そこでスケッチ段階から全力投球することをオススメしたいのですが、理由は言うまでもなく、良いものが残る可能性が高いから、ですね。
修正して活かす前提の録音する
私は初期の頃はあまりピアノロールで修正せずに、少し練習して良いテイクを弾こう、みたいな感じでしたが、ピアノロールとベロシティの色だけで修正ができるようになってくると、よほど酷い残骸でもなければ活かせる場合があります。
曲にもよりますが、
例えばメロディアスや展開的な曲の場合、主要音色で全体像を下書きするのですが、クオンタイズをかけてしまえば一撃必殺で3〜5割くらいそのまま使えそうなものが残る時があります。
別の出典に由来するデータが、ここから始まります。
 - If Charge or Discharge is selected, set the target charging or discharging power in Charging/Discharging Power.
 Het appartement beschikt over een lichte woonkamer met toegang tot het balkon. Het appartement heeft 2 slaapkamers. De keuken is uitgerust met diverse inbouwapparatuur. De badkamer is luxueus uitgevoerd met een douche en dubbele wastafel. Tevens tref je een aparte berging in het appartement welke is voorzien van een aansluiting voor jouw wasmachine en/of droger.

骨まで焼かれたパーツはパンチインでザオリクをかけます。
抽象的な話になってしまうのですが、結局重ねていくとバッキングトラックはオブリ、ボイシング、ベロシティ以外はあまり気にならなかったりするんですね。
イラスト、絵とかに置き換えると分かりやすいんですが、聴いていて耳が行きやすい場所を押えるというのは、絵は風景や人物全てを完璧に、あるいは同じ書き込み具合で描く必要はない、というのと同じような感じがします。
とはいえ、その曲の中での基準があるのでそのバランスは重要ですが・・・
漫画のコマ割りで見ていくと、目で読んでいきますがその時に自然に目が追っている部分、見ている部分がいわゆる「ツボを抑える」みたいな感じでしょうか。
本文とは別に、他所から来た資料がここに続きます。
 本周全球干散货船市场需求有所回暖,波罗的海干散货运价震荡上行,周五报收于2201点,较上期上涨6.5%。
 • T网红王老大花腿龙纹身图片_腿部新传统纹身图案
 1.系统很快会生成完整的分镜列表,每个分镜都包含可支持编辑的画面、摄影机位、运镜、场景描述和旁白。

目を惹きつけたい注目場面では集中線を浴びせてるのでそこ以外は一応なんか書いてるけど見てないんです。
まぁ細かく見直せば多少変なバランスであったり、書き込みが甘かったりとあると思うんですが、そんなんは別に気にならないんですよね。
だからと言ってそれ以外のパートが適当で良いというわけでもないのですが、あるセクションのあるパートのある瞬間は、ぶっちゃけ音が外れてなければ問題ない、くらいの必要性だったりします。
終わりに
とりあえず弾いてみるのか、決めたフレーズを弾くのかで録音に対する気構えは変化しますが、とりあえずでも全力で行っていいと思っています。
録音過程などは表に出ない部分なので、効率よく修正していけるような録音方法を見つけていきたい、と言っても録音するだけなので気持ちの問題ですが。
基本的には音は消せるし、長さも変えれるので、リズムなんてどうにでもなります。
ファーストテイクの勢い録音によって、偶発的に良いハーモニーを残すことができれば儲けものだったりします。良い部分を軸に周りを修正していけるので、クロスワードみたいな感じで潰していけます。
常々思ってるんですが、偶発性って大事だな、って思うんですよね〜。計算して弾いたり重ねてないのに「あ、ここのフレーズいいじゃんこれで」みたいな。
そんな感じで、偶発性も加味して期待して録音する、コントロールするみたいなことをアビリティとして習得したいところです。